[openstack-dev] [Keystone] SQLite support (migrations, work-arounds, and more), is it worth it?

Mike Bayer mbayer at redhat.com
Mon Apr 6 16:20:27 UTC 2015



On 4/6/15 12:06 PM, Clint Byrum wrote:
> Excerpts from Boris Bobrov's message of 2015-04-03 18:29:08 -0700:
>> On Saturday 04 April 2015 03:55:59 Morgan Fainberg wrote:
>>> I am looking forward to the Liberty cycle and seeing the special casing we
>>> do for SQLite in our migrations (and elsewhere). My inclination is that we
>>> should (similar to the deprecation of eventlet) deprecate support for
>>> SQLite in Keystone. In Liberty we will have a full functional test suite
>>> that can (and will) be used to validate everything against much more real
>>> environments instead of in-process “eventlet-like” test-keystone-services;
>>> the “Restful test cases” will no longer be part of the standard unit tests
>>> (as they are functional testing).
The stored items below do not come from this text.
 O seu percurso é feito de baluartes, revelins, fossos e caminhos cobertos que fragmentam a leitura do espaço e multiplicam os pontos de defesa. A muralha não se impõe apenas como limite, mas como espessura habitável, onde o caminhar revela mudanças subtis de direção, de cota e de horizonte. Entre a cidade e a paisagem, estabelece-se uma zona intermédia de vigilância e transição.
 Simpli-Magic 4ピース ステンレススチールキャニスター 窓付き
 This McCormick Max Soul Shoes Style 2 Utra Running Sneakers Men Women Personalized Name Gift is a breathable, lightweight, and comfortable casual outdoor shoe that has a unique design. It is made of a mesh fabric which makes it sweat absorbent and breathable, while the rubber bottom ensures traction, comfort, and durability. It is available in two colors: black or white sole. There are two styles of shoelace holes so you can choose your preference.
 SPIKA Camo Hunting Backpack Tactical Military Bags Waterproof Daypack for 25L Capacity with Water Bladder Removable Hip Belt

With this change I’m inclined to say
>>> SQLite (being the non-production usable DB) what it is we should look at
>>> dropping migration support for SQLite and the custom work-arounds.
>>>
>>> Most deployers and developers (as far as I know) use devstack and MySQL or
>>> Postgres to really suss out DB interactions.
>>>
>>> I am looking for feedback from the community on the general stance for
>>> SQLite, and more specifically the benefit (if any) of supporting it in
>>> Keystone.
>> +1. Drop it and clean up tons of code used for support of sqlite only.
>>
>> Doing tests with mysql is as easy, as with sqlite ("mysqladmin drop -f;
>> mysqladmin create" for "reset"), and using it by default will finally make
>> people test their code on real rdbmses.
>>
> Please please please be careful with that and make sure the database
> name is _always_ random in tests... or even better, write a fixture to
> spin up a mysqld inside a private tempdir. That would be a really cool
> thing for oslo.db to provide actually.
>
> I'm just thinking some poor sap runs the test suite with the wrong
> .my.cnf in the wrong place and <poof> there went keystone's db.
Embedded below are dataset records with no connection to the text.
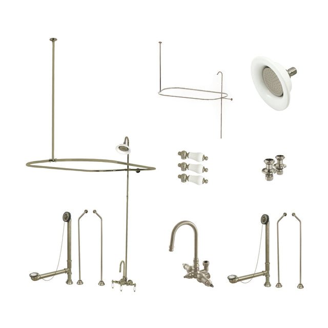 Vintage CCK4188PL Three-Handle 2-Hole Tub Wall Mount Clawfoot Tub Faucet Package with Shower Enclosure, Brushed Nickel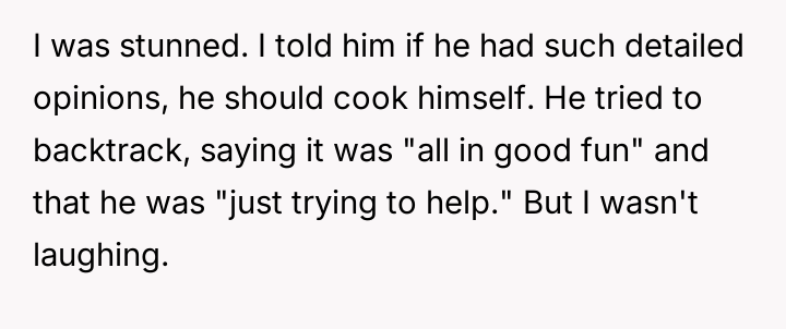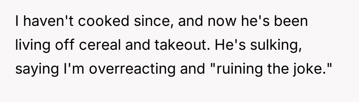 The OP's immediate reaction—stopping cooking entirely—is a clear boundary enforcement mechanism. It is a direct, albeit reactive, response to feeling devalued. The boyfriend's subsequent sulking and accusation that she is 'ruining the joke' reveals a lack of accountability and an inability to accept responsibility for the emotional impact of his actions. He is prioritizing his perceived right to joke over his partner's demonstrated distress.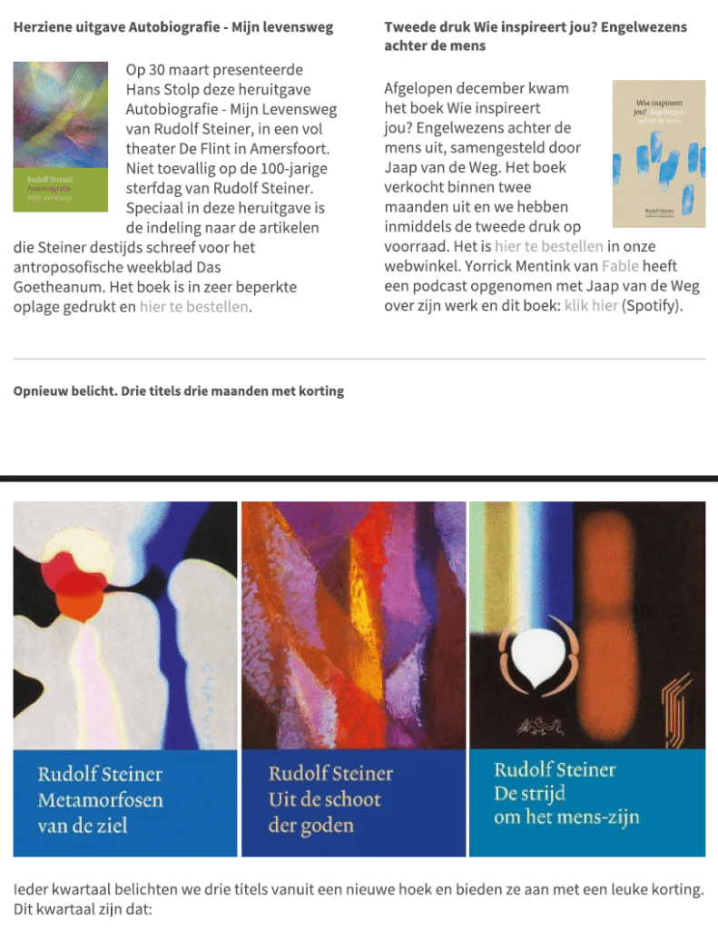 Lees verderIn mei 2025 is de eerste editie van de digitale nieuwsbrief van SteinerVertalingen in een nieuwe huisstijl uitgekomen. Deze zal voortaan vier keer per jaar verschijnen en informeren over de nieuwe uitgaven, achtergronden over de stichting en bijeenkomsten en evenementen waar we je graag ontmoeten.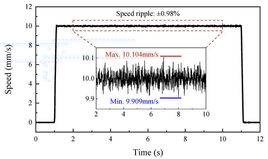 Figure 19 shows the speed ripple at 10 mm/s, as measured by the laser interferometer shown in Figure 13. This ripple was measured to be less than ±1%. This seems very low because the proposed design significantly reduces the detent force, adversely affecting the speed ripple at a low speed [].

The standard approach here is that tests based on the oslo.db approach 
by default connect using a username openstack_citest on localhost, which 
is then used to create databases of random names. If you base your 
database tests on oslo.db, you get that right now.   This 
username/host/etc is also configurable through environment variables.  I 
don't see how my.cnf is involved in this nor how it would impact 
someone's keystone database, unless we're talking about tests that 
happen to load down and/or crash the whole database server.

spinning up a whole mysqld seems really heavy-handed and unnecessary.  
Not to mention the tests run on other backends as well such as Postgresql.